### COLLECTED DATA
┌──

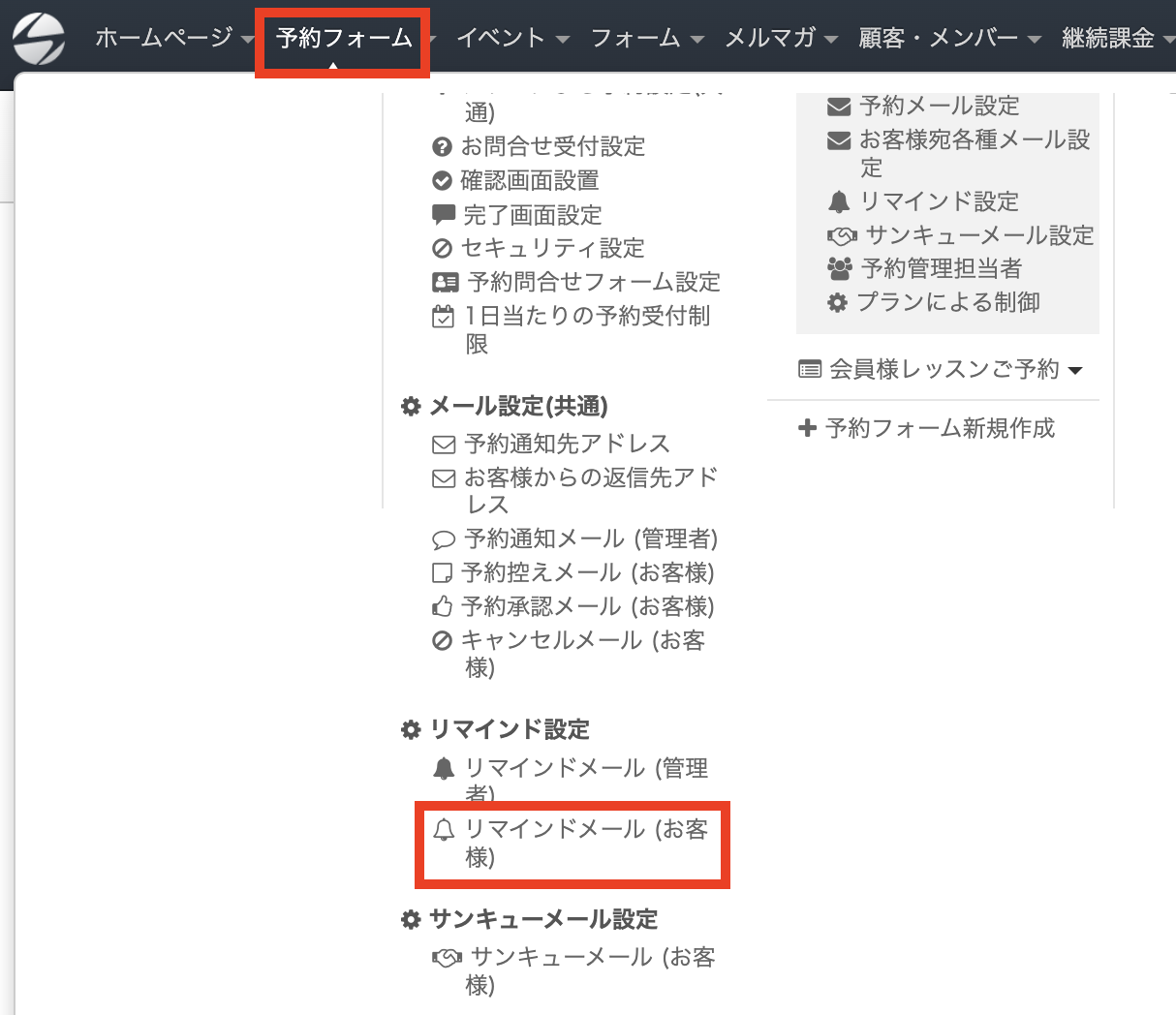 ヘッダーの「予約フォーム」をクリックし「リマインドメール(お客様)」を選択します。
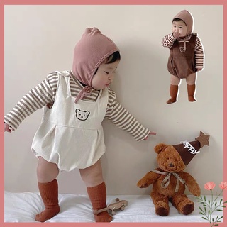 Bộ Áo Liền Quần Tay Dài Thêu Hình Chú Gấu + Quần Kẻ Sọc Thời Trang Mùa Xuân Dành Cho Bé Trai/Bé Gái
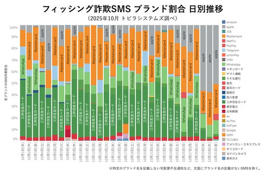 特殊詐欺やフィッシング詐欺の対策サービスを提供するトビラシステムズ株式会社(本社:愛知県名古屋市、代表取締役社長:明田 篤、証券コード:4441、以下「トビラシステムズ」)は、2025年10月に当社調査で確認された詐欺電話や詐欺SMSに関する独自調査レポートを公開します。(調査期間:2025年10月1日~10月31日)
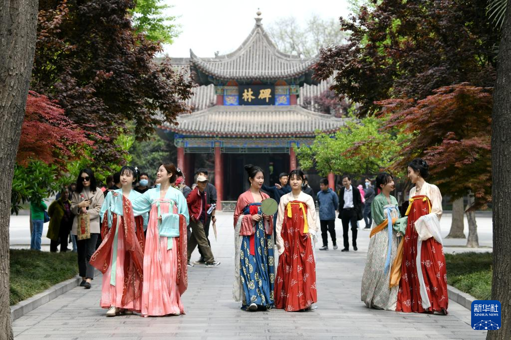 汉服爱好者在西安碑林博物馆参观(2021年4月14日摄)。

└──

The task calls for duplicating the data exactly, with no images kept.

### EXERCISE ANSWER
 ヘッダーの「予約フォーム」をクリックし「リマインドメール(お客様)」を選択します。
 Bộ Áo Liền Quần Tay Dài Thêu Hình Chú Gấu + Quần Kẻ Sọc Thời Trang Mùa Xuân Dành Cho Bé Trai/Bé Gái
 特殊詐欺やフィッシング詐欺の対策サービスを提供するトビラシステムズ株式会社(本社:愛知県名古屋市、代表取締役社長:明田 篤、証券コード:4441、以下「トビラシステムズ」)は、2025年10月に当社調査で確認された詐欺電話や詐欺SMSに関する独自調査レポートを公開します。(調査期間:2025年10月1日~10月31日)
 汉服爱好者在西安碑林博物馆参观(2021年4月14日摄)。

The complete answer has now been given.